Shannon get your asses over here to Jersey and lets do a show already!


----------



## noodles (May 22, 2006)

sepsis311 said:


> Shannon get your asses over here to Jersey and lets do a show already!



That's a looooooong way to travel, unless the gig is paying enough to really make it worth the trip for a local band.


----------



## eaeolian (May 22, 2006)

noodles said:


> That's a looooooong way to travel, unless the gig is paying enough to really make it worth the trip for a local band.



Or, of course, unless you're certainly EPM bands who want us to drive them there.


----------



## noodles (May 22, 2006)

eaeolian said:


> Or, of course, unless you're certainly EPM bands who want us to drive them there.



My only experience in dealing with EPM bands has been in the less than a year that I've been in Division. This experience leads me to believe that they're all egotistical, delusional assholes.


----------



## eaeolian (May 22, 2006)

noodles said:


> My only experience in dealing with EPM bands has been in the less than a year that I've been in Division. This experience leads me to believe that they're all egotistical, delusional assholes.



Eh, in this case, I just think they were, um, "underinformed" about the distance involved. Paris to Moscow = 1550 miles, DC to Seattle = 2,769 miles. It's a big country.


----------



## noodles (May 22, 2006)

Honestly, that was just one more thing on the list. I'm not big on the genre, but every band from that genre we play with gives me another reason to go on hating the genre.

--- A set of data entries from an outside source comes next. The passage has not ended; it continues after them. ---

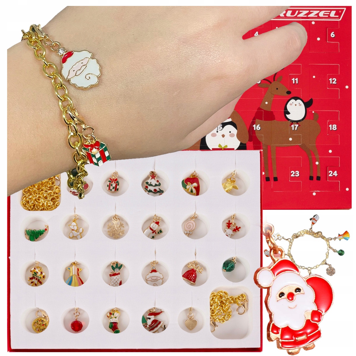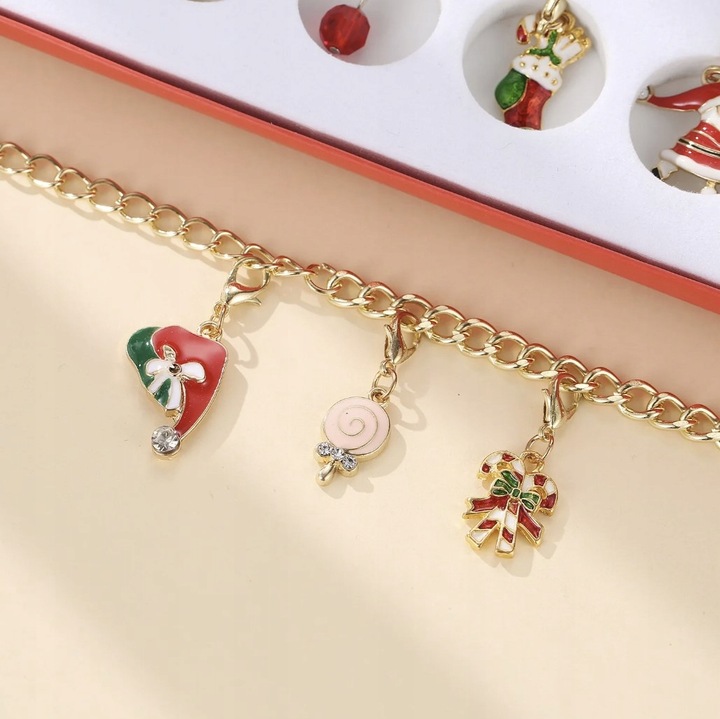 АДВЕНТ-КАЛЕНДАР ДІТЯЧИЙ ДІВЧАТОК 24 елемента БРАСЛЕТ ЛАНЦЮЖОК
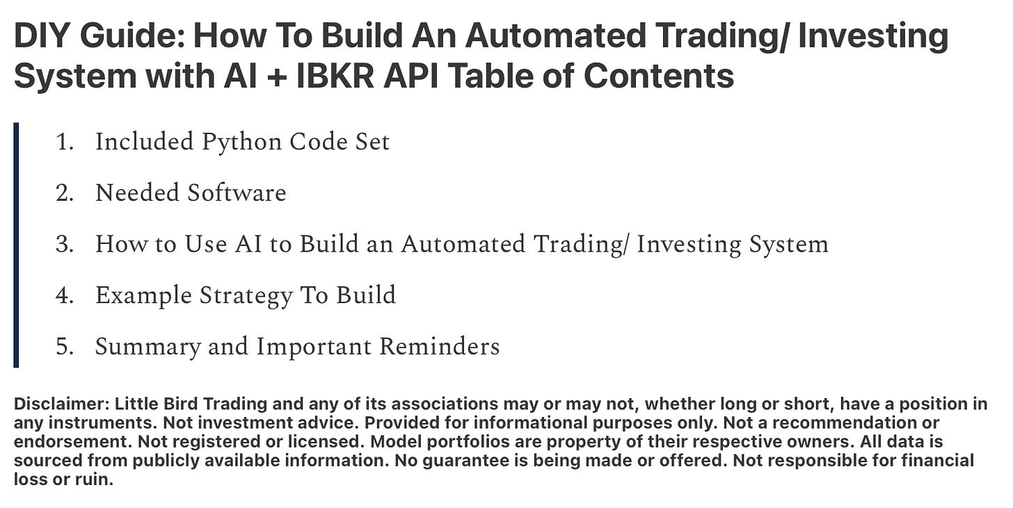 DIY Guide: How To Build An Automated Trading/ Investing System with AI and the IBKR API — Includes python code, screenshots, and steps for building your first automated trading/ investing program.
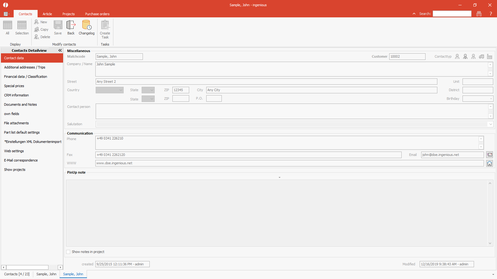 The detail view of a single data record is mostly splitted in several areas, to group specific data. In the selection area / navigation on the left side the single details will be selected.
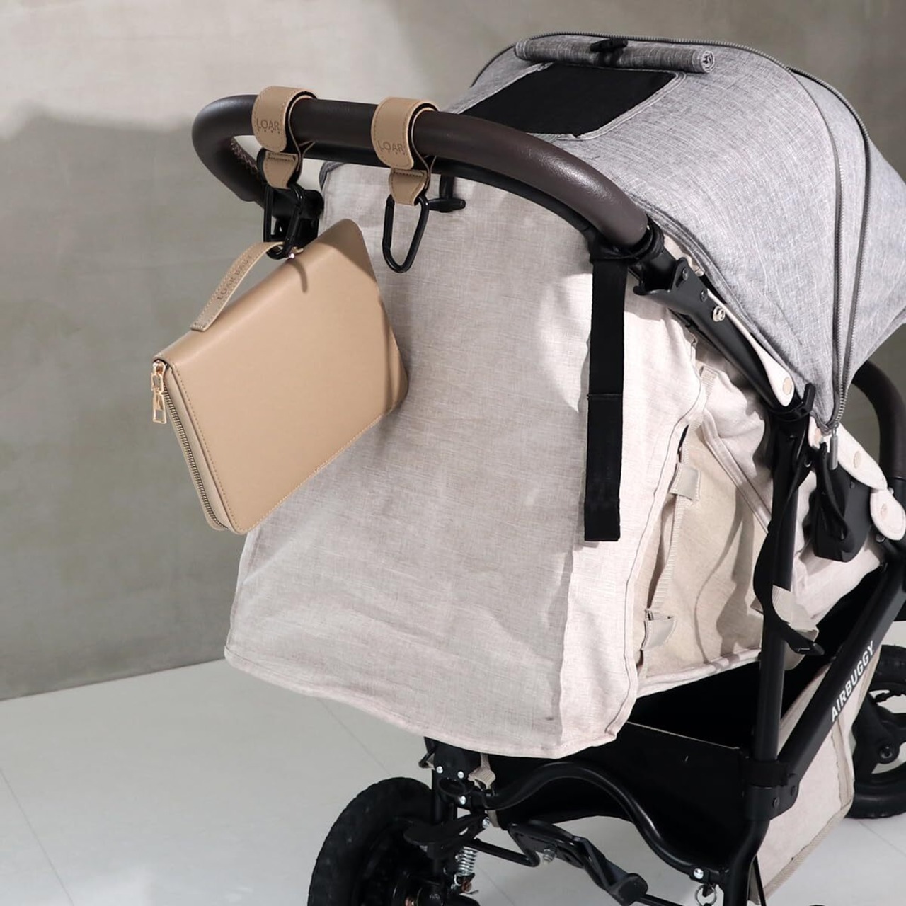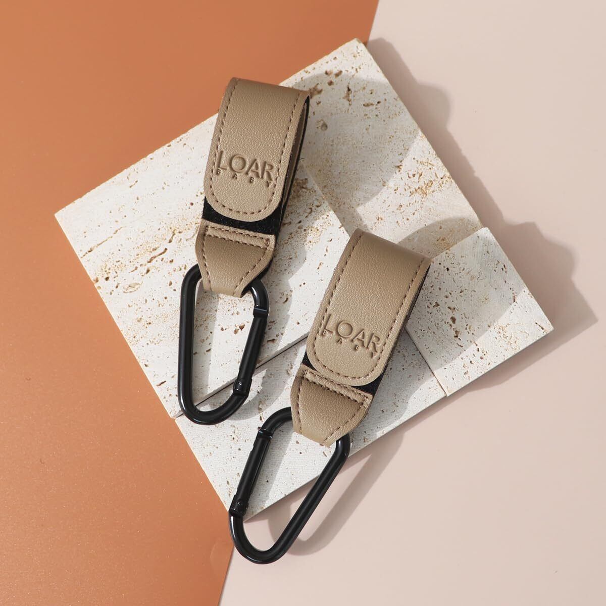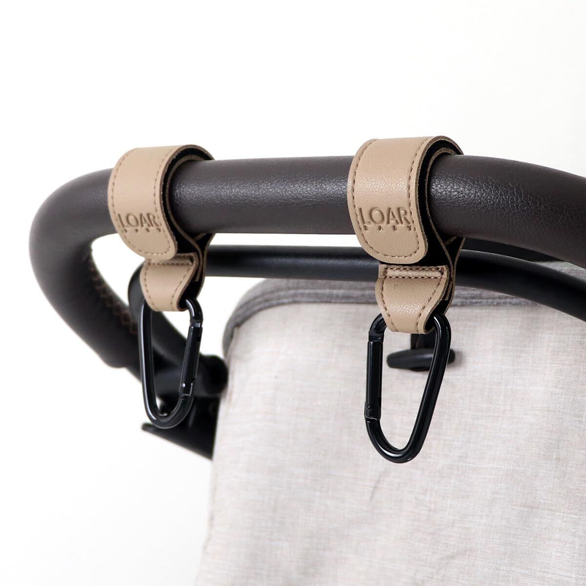 LOAR BABY(ロアベビー) ベビーカーフック カラビナ ベビーカーグッズ ベビーカー荷物掛け 2個セット カラビナフック おしゃれ 合皮 ギフト プレゼント (グレージュ)

But hey, their fans love us, so that's enough for me to put up with the bullshit.


----------



## Chris (May 22, 2006)

What the hell is an EPM band?


----------



## noodles (May 22, 2006)

European Pussy Music


----------



## Shannon (May 29, 2006)

Bizzoink! Today is a day that will live in infamy! Come on out to the show! I mean seriously...THERE'S BOOBIES ON THE FLYER! That means we're good.


----------



## Steve (May 29, 2006)

noodles said:


> European Pussy Music



I  European Pussy Music - but you already new that....


----------



## Shannon (May 29, 2006)

Woohoo! Gearing up for the show by cranking Entombed's "Wolverine Blues!"


----------



## zimbloth (May 29, 2006)

What bands are "EPM"?


----------



## Steve (May 30, 2006)

zimbloth said:


> What bands are "EPM"?



EPM - European Power Metal
Bands like:
Helloween
Blind Guardian
Rhapsody

Influenced by bands like Iron Maiden

Usually sing about Medieval Times, Dragons, Religion, Fantasy.

I  EPM.


----------



## Scott (May 30, 2006)

Blind Guardian>*


----------



## Steve (May 30, 2006)

noodles said:


> My only experience in dealing with EPM bands has been in the less than a year that I've been in Division. This experience leads me to believe that they're all egotistical, delusional assholes.



Hey Noods...
Do you think that their attitude comes from the fact that, IN EUROPE, these bands are bigger than life. As America's fickle taste in music changed from Metal to Grunge to Nu-Metal (etc.) The European Metal fanbase never wavered. So bands that play EPM are still flying high and are treated like true Rock Stars. That doesn't excuse how they treat American bands that open for them during US tours, but some of these guys are the Aerosmiths of Europe and egotistically act like they are...

Just my thoughts.


----------



## zimbloth (May 30, 2006)

Gamma Ray > *


----------



## Steve (May 30, 2006)

zimbloth said:


> Gamma Ray > *


----------



## noodles (May 30, 2006)

NightmareX said:


> Do you think that their attitude comes from the fact that, IN EUROPE, these bands are bigger than life. As America's fickle taste in music changed from Metal to Grunge to Nu-Metal (etc.) The European Metal fanbase never wavered. So bands that play EPM are still flying high and are treated like true Rock Stars. That doesn't excuse how they treat American bands that open for them during US tours, but some of these guys are the Aerosmiths of Europe and egotistically act like they are...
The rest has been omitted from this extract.